Small asteroids ranging from 1 − 20 meters in size impact the Earth 35 − 40 times per year (Brown et al. 2002; Bland and Artemieva 2006), often appearing as spectacular fireballs in the atmosphere. The largest of these objects can have kinetic energies equivalent to hundreds of kilotons of TNT, posing a hazard if they impact populated areas. As most recovered meteorites originate from 1 − 20 meter-size asteroids (Borovička 2015), this population in particular presents a unique opportunity to link together data from fireball, telescopic and meteorite observations. The properties of these small asteroids have to date been poorly characterized at a population level, as they are often at the detection limit of telescopic near-Earth object (NEO) surveys while also being relatively rare as Earth impactors. However, the amount of data on this population has grown significantly in recent years. In 2022, the US Space Force publicly released decades of previously classified fireball data from US Government (USG) satellite sensors, including light curves of intensity over time¹. This tranche of over one thousand recorded fireballs represents the most comprehensive dataset of meter-size and larger impactors to date.

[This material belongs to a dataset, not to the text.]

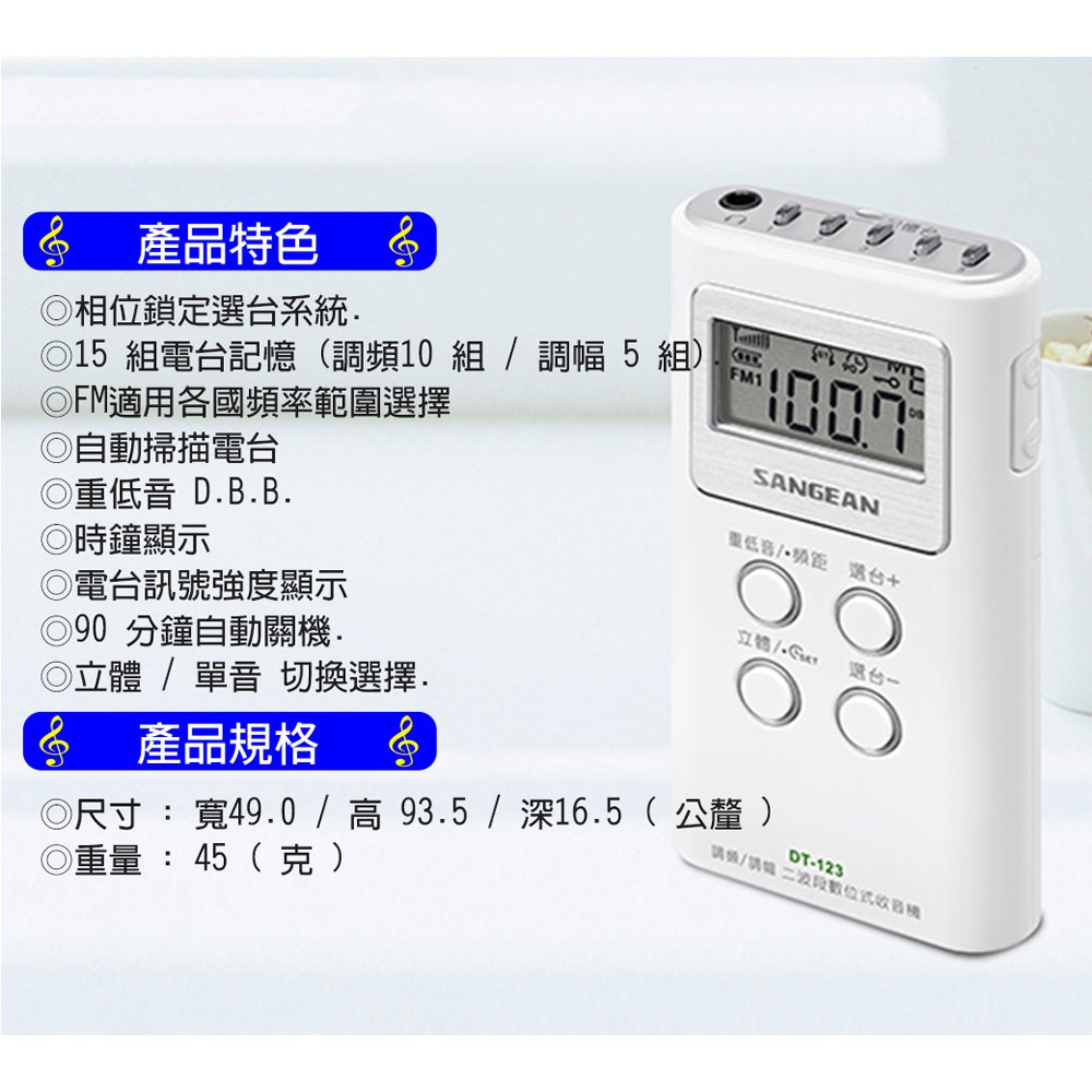 SANGEAN 山進 數位式FM/AM二波段口袋型收音機 DT-123 / DT123SANGEAN 山進 數位式FM/AM二波段口袋型收音機 DT-123 / DT123Radio & Cassette Players元元家電二館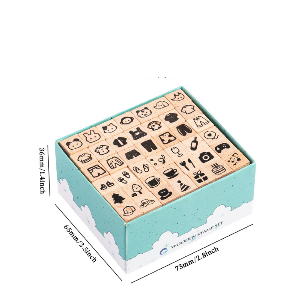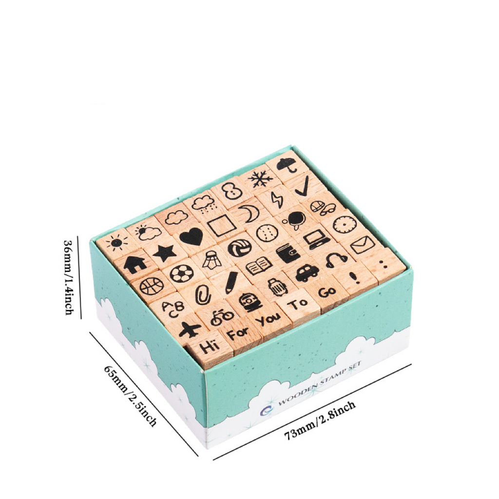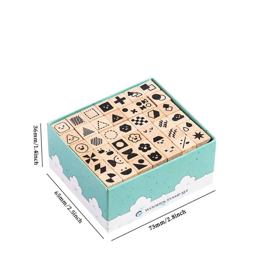 42pcs beech wood stamps digital letters geometric shapes small expression basic stamps

In Chow and Brown (2025) we undertook the first population-level study characterizing the orbital properties of decameter-size Earth impactors with the new USG sensor data. We analyzed the dynamical origins of decameter-size impactors and NEOs, and evaluated possible explanations for the order-of-magnitude “decameter gap" between the observed impact rate from fireball data and the inferred impact rate from NEO models based on telescopic surveys. Here we present a companion study to our previous paper that characterizes the physical and material properties of these decameter-size impactors using the USG sensor light curves.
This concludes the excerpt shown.